What is the basic food in Liberia?
It is essentially rice and to make you understand I will give you an example. Each Sunday, I usually prepare the midday meal and sometimes I try to cook something special, often European recipes. The brothers from Liberia eat these dishes, but at the end they look around and ask: “But where is the rice?” Without rice, the best dishes lose their flavour. Unfortunately, due to the idleness of the people, the rice has to be imported.

Have you met people who live in the refugee camps?
Yes, and I would say that I have been struck by the wisdom of the elders and by the formation they have received: they are extraordinary! On the other hand, this is truly worrying for the young people. Nearly all are unaware of and have never heard classical music, know nothing of literature, etc. The years of civil war and the lack of stimuli of a future weigh heavily on them. The big challenge is to reconstruct the person from the interior. For that it seems that our commitment vis-a-vis the school is fundamental.

Can you tell us about the school?
Exaggerating a bit, I could tell you that the school does not exist but that we have 650 boys. I’ll explain. In many countries, when someone talks about a school, they show us beautiful buildings, with equipment, laboratories, etc. Our school has some classrooms where there are desks and a blackboard. The principal and the secretary have a desk each and an old typewriter which each morning is carried under a tree and each evening is put into a classroom. We have only two toilettes. And as I have already mentioned, there is no electricity and we do not dream of acquiring a generator to produce it, because our salaries are not even sufficient to buy the petrol necessary for it to work.

What do you do at school?
The classes are very big. I teach two senior classes with fifty-four and fifty-six students in them. The boys do not have books and during the lesson I must give all the explanations and write a summary on the blackboard so that the students can take study notes. We have a few books for consultation but don’t think it is anything like a library. Someone wanted to give us a gift of slides, CD, tape recorders, etc. But what can we do without electricity? I am also responsible for the primary school: I visit the classes once a week; I try to accompany the teachers and teach them a little about our Marist pedagogy. I assure you that there is no lack of work.

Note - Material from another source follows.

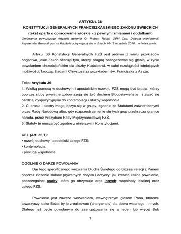 ARTYKUŁ 36 KONSTYTUCJI GENERALNYCH FRANCISZKAŃSKIEGO ZAKONU ŚWIECKICH (tekst oparty o opracowanie włoskie - z pewnymi zmianami i dodatkami) Omówienia powyższego Artykułu dokonał O. Robert Rabka OFM Cap, Delegat Konferencji. Asystentów Generalnych na Kapitułę odbywającą się w dniach 16-18 września 2016 r. w Warszawie. Artykuł 36 Konstytucji Generalnych FZŚ jest jednym z wielu przykładów bogactwa, jakie Zakon ofiaruje tym, którzy pragną zaangażować się głębiej w życie powołaniem chrześcijańskim dla służby Kościołowi, w całej rozciągłości istniejących możliwości, krocząc śladami Chrystusa za przykładem św. Franciszka z Asyżu. Tekst Artykułu 36: 1. Wielką pomocą w duchowym i apostolskim rozwoju FZŚ mogą być bracia, którzy poprzez śluby prywatne zobowiązują się żyć duchem Błogosławieństw i stawać się bardziej dyspozycyjnymi do kontemplacji i służby wspólnocie. 2. Ci bracia i siostry mogą łączyć się w grupy, zgodnie ze Statutami zatwierdzonymi przez Radę Narodową albo, gdy rozprzestrzenienie się tych grup przekracza granice narodu, przez Prezydium Rady Międzynarodowej FZŚ. 3. Statuty te muszą być zgodne z niniejszymi Konstytucjami. CEL (Art. 36,1): • rozwój duchowy i apostolski całego FZŚ; • kontemplacja; • posługa wspólnocie. OGÓLNIE O DARZE POWOŁANIA Dar tego specyficznego wezwania Ducha Świętego do bliższej relacji z Panem poprzez złożenie ślubów prywatnych dotyka i dotyczy, jak zresztą każde powołanie, poszczególnej osoby, która go otrzymuje oraz innych: wspólnoty lokalnej oraz całego FZŚ. Powołanie jest zawsze wezwaniem, wewnętrznym głosem Pana, któremu towarzyszy łaska Boża, by je zrealizować (charyzmaty) dla dobra własnego i innych. Dlatego też bycie powołanym do zaangażowania się w jeden lub więcej ślub 1 powoduje, że osoba powołana w pełni realizuje siebie według woli Bożej i, realizując siebie, rozciąga na innych owoce tego daru. To już samo z siebie jest darem łaski dającym radość i nie potrzebuje innych, dalszych potwierdzeń. Pierwszymi, którzy wynoszą korzyść z daru powołania osoby wezwanej do złożenia ślubów, są bracia i siostry ze wspólnoty, do której ona przynależy, a także cały Zakon. Choć już sama Profesja złożona przez świeckich franciszkanów zobowiązuje do przeżywania z głębokim zaangażowaniem życia ewangelicznego, to jednak Duch Pański może w pełnej wolności wezwać niektórych z nich do podjęcia kolejnych specyficznych wyzwań, zawsze w obrębie tego samego powołania franciszkańskiego i świeckiego. Sam św. Franciszek wzywa do tego, aby pragnąć posiadać i szukać w swym życiu przede wszystkim Ducha Pańskiego i Jego świętego działania (2 Reg 10,8: «(...) lecz niech zważają [na to], że nade wszystko powinni pragnąć mieć Ducha Pańskiego i Jego święte działanie»). Obecność i działanie Ducha Świętego są przeciwne wszelkiej skostniałości, pasywności, legalizmowi, gdyż zawsze prowadzą do wyjścia poza własny świat, do podjęcia ryzyka i otwarcia się na nowość życia według Ewangelii. Duch Święty działa w każdym człowieku inaczej, dlatego też wspólnota jest niesamowitym darem, bogactwem, ale również wyzwaniem do wzajemnej akceptacji różnorodności. Powołania pochodzące od Boga mogą być bardzo zróżnicowane, nawet w obrębie jednej i tej samej wspólnoty lokalnej. Może być to wezwanie przez Boga do zaangażowania w życie według ducha błogosławieństw z jeszcze większą intensywnością poprzez jakiś jeden - lub więcej - ślub prywatny dotyczący jednej (lub więcej) rady ewangelicznej. Chodzi w tym wszystkim o większą intensywność zaangażowania, gdyż w rzeczywistości wszyscy franciszkanie świeccy są już bezpośrednio związani tym zobowiązaniem. Reguła FZŚ 11: « Chrystus, ufając Ojcu, jakkolwiek łagodnie i z wyrozumiałością traktował rzeczy stworzone, wybrał dla siebie i Swojej Matki życie ubogie i pokorne (2 LW 5); tak samo Franciszkanie świeccy niech w zakresie dóbr doczesnych zachowują należyty umiar, zaspokajając swoje potrzeby materialne; świadomi, że zgodnie z Ewangelią są administratorami otrzymanych dóbr na korzyść synów Bożych. „Jako przechodnie i przybysze", zdążający do domu Ojca, niech też w duchu Błogosławieństw starają się oczyścić serca ze wszystkich skłonności oraz żądzy posiadania i panowania (Rz 8,17)». 2 Konst. Gen. FZŚ 15,1: «Franciszkanie świeccy angażują się, aby żyć duchem Błogosławieństw, a w szczególny sposób duchem ubóstwa. ubóstwo ewangeliczne ukazuje ufność w Ojcu, daje wolność wewnętrzną i skłania do popierania sprawiedliwego podziału dóbr». KONSTYTUCJE GENERALNE NIE WYJAŚNIAJĄ, JAKIE MAJĄ BYĆ TE ŚLUBY. Powszechnie dotychczas mylono śluby (także prywatne) z życiem zakonnym regularnym w ścisłym tego terminu znaczeniu. Myślano więc, że śluby muszą mieć za przedmiot - koniecznie i wyłącznie - trzy tradycyjne rady ewangeliczne, zazwyczaj połączone z specjalną konsekracją: ubóstwo, posłuszeństwo i czystość. Jednak w rzeczywistości nie są to jedyne rady ewangeliczne, a duch Błogosławieństw ewangelicznych rozciąga się także na inne równie ważne rzeczywistości. Są w nich zawarte także inne możliwe śluby, jak: radość, pokora (już praktykowana w różnorodnych instytutach), jakaś specyficzna działalność apostolska dla Królestwa Bożego, nie mówiąc już o tym, że Duch Święty, w swym niewyczerpanym bogactwie, może wiać którędy chce i jak chce. Duch Święty może wezwać do jakiegokolwiek zaangażowania dla dobra jednostki, wspólnoty czy całego Kościoła, a Jego pomysłowość i bogactwo różnorodnych wezwań ciągle może zaskakiwać. Może na przykład wezwać kogoś do życia poświęconego poprzez ślubowanie dla sprawy jednego z błogosławieństw, albo do czegoś zupełnie nowego, powołanego

How many brothers are in the community?
The community has four brothers. The youngest is thirty years old and the “oldest” is forty-four. There are three of us in the school, while another brother teaches at the seminary, looks after groups of scouts, etc. The two Liberian brothers also help a religious sister who runs a work for children who have locomotion problems due to the war or poliomyelitis.

What is your dream?
This would be to have a sufficient number of brothers to be able to open another school in the Christian zone of the country. There are currently four Liberian brothers, four novices and a postulant. In a country such as ours you see so many needs that could lead to many projects; we believe that our work in the schools remains essential for building another type of man. We are grateful to the Marist Provinces who help us economically, but we would also like to become autonomous in this respect.

You were born in Spain and you worked with the young people of your country. Do you sometimes make comparisons?
I have just met some older brothers of my Province. The question that they ask the most often is: “Who is better? Our boys or those in Liberia?”
The response is not easy, but it is certain that the boys of Liberia are poorer than those of Madrid, and because of that they can offer you their human warmth, their kindness, their smile, their will to learn that you find with difficulty elsewhere… They are not the usual things that are offered to you, they offer themselves.
I do not want to make a judgement, but in working with them, I feel that I live Marcellin’s charism with more authenticity and I feel closer to the smallest ones about whom the Gospel speaks. For all of that, I give thanks to the Lord who has given me this chance to live my Marist life in a place that I would describe as extraordinary in many aspects.